Blogger emeritus Mark Herrmann used to say that MDLs are like the Field of Dreams: if you build it, they will come.  An MDL becomes a place for plaintiff lawyers to park scads of weak cases.  Herrmann also said that MDLs are like a Roach Motel: cases check in, but they don’t check out.  Some judges and all plaintiff lawyers view MDLs as settlement machines.

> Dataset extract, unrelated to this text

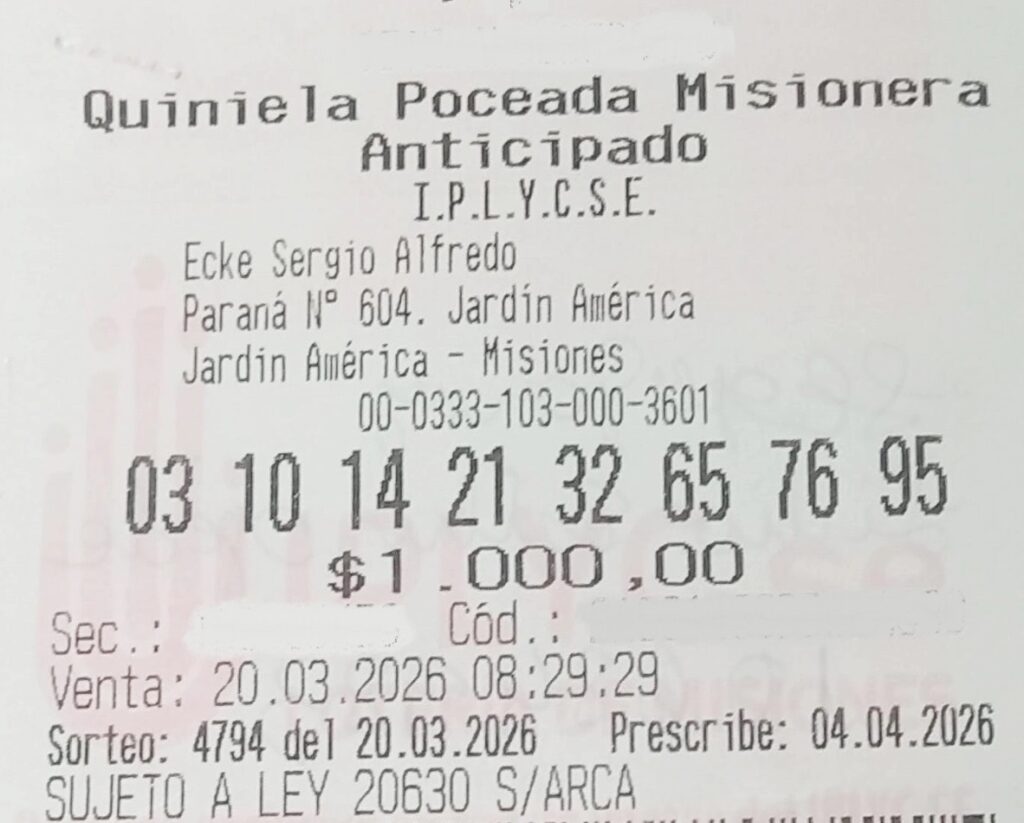 Una jubilada de Jardín América se llevó 32.300.243 pesos con el primer premio de la Poceada Misionera. Fue en el Sorteo Número 4794 del 20 de marzo, tras realizar una jugada en la Agencia 333, de esta localidad.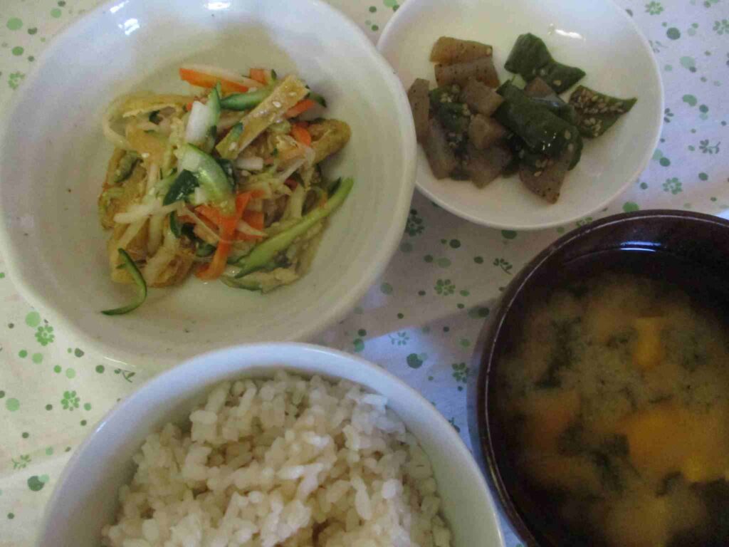 ・五分つきごはん ・油あげと千切り野菜のサラダ ・ピーマンとこんにゃくのきんぴら ・にらと豆腐のおみそ汁

The procedural form ends up having substantive consequences.  Parties now have incentives beyond efficiency to pursue or resist aggregated litigation.  Hegel wrote that quantitative differences eventually become qualitative.  Litigation can become so big that it lends itself to abuse or paralysis.  (It reminds us a little of a case we worked on as a young lawyer where a jury sat for so long — over a year – that the plaintiff lawyer figured out that he could do almost any batty thing in court and the judge would not dare declare a mistrial.  The bigness of the thing made it immune from any sort of control.)

But before we get too philosophical or downbeat about this topic, let’s return to this Zoloft case.  As we said up top, this is not the first time you’ve heard about this case, and it likely won’t be the last.  The plaintiffs were allowed to name their new expert, but that new expert has not yet survived a Daubert hearing.  This judge has a track record of treating Daubert issues seriously, and maybe the defendant’s victory has only been postponed — and with a bullet-proof record on appeal.